§ INSTRUCTIONS FOR THE TASK
What is needed is an exact copy of the lines in the entries below from the one holding "禁毒宣传活动结束后,公司向老" through the one holding "33 og imageTA-TD", pictures excluded.

§ MATERIAL FOR THIS TASK
********************

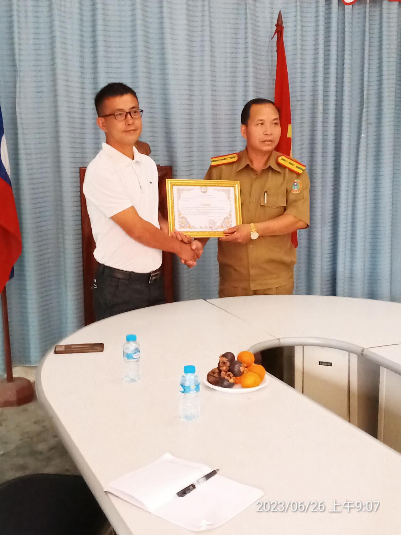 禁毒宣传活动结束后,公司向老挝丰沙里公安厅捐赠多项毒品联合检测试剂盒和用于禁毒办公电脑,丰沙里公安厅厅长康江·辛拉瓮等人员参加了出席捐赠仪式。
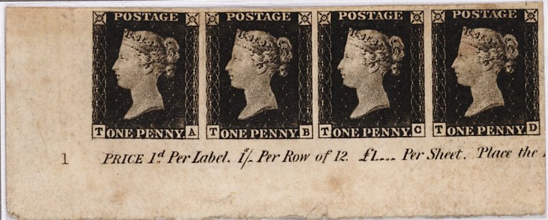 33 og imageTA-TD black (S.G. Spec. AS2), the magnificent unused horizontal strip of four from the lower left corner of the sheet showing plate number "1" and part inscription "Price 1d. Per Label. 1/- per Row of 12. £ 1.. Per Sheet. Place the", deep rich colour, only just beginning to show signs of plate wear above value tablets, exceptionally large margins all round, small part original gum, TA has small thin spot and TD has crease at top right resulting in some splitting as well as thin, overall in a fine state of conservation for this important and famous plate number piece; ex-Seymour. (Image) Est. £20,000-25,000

********************

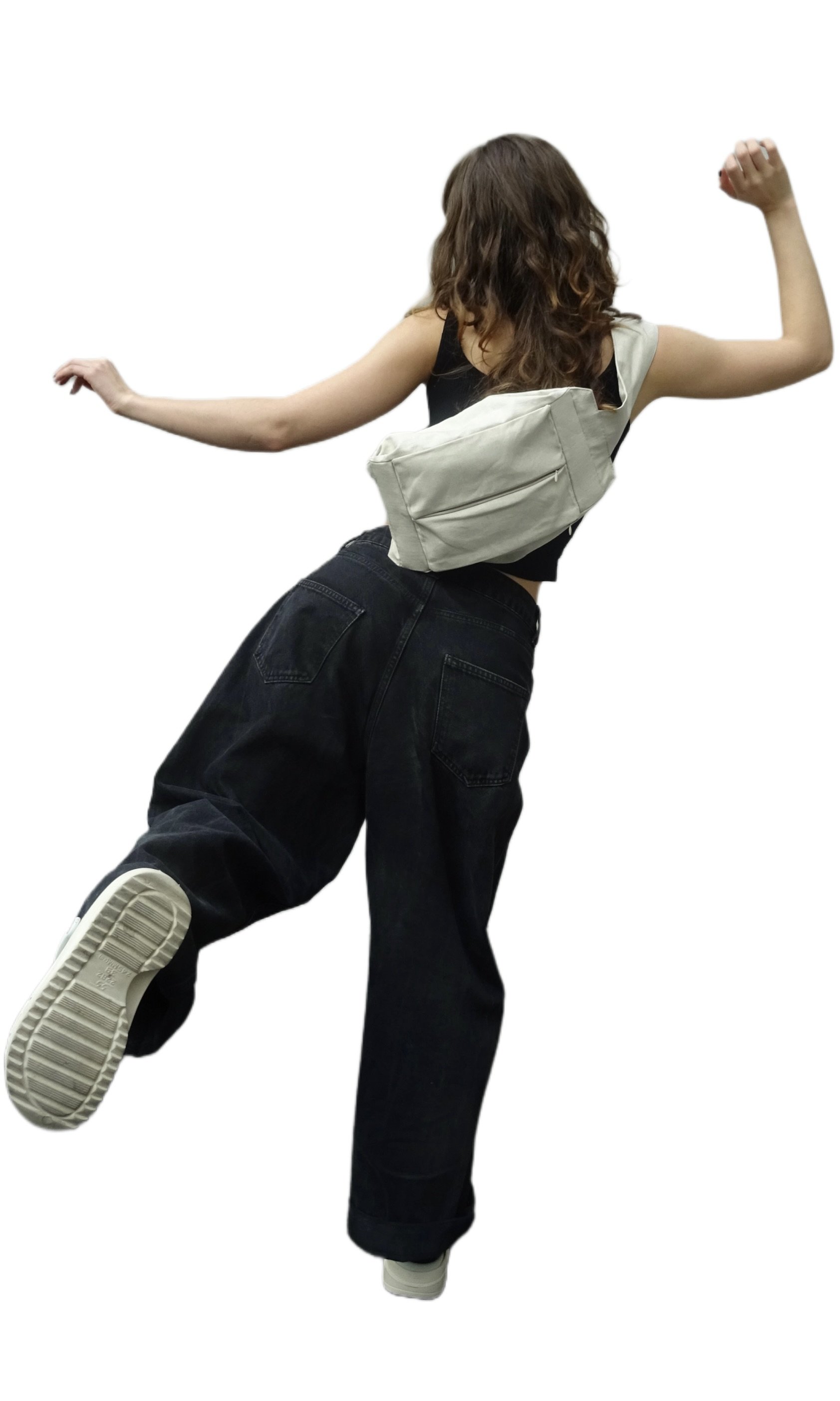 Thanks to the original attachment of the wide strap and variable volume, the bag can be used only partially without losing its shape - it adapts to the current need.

********************

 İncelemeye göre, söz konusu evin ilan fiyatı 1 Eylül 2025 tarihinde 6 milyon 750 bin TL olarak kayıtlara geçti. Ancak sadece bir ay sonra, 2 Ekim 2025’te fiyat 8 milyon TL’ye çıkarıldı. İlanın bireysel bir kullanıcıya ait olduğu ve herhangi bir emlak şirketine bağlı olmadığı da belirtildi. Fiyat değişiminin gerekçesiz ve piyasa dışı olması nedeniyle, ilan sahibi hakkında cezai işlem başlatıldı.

********************

§ ANSWER SECTION
 禁毒宣传活动结束后,公司向老挝丰沙里公安厅捐赠多项毒品联合检测试剂盒和用于禁毒办公电脑,丰沙里公安厅厅长康江·辛拉瓮等人员参加了出席捐赠仪式。
 33 og imageTA-TD black (S.G. Spec. AS2), the magnificent unused horizontal strip of four from the lower left corner of the sheet showing plate number "1" and part inscription "Price 1d. Per Label. 1/- per Row of 12. £ 1.. Per Sheet. Place the", deep rich colour, only just beginning to show signs of plate wear above value tablets, exceptionally large margins all round, small part original gum, TA has small thin spot and TD has crease at top right resulting in some splitting as well as thin, overall in a fine state of conservation for this important and famous plate number piece; ex-Seymour. (Image) Est. £20,000-25,000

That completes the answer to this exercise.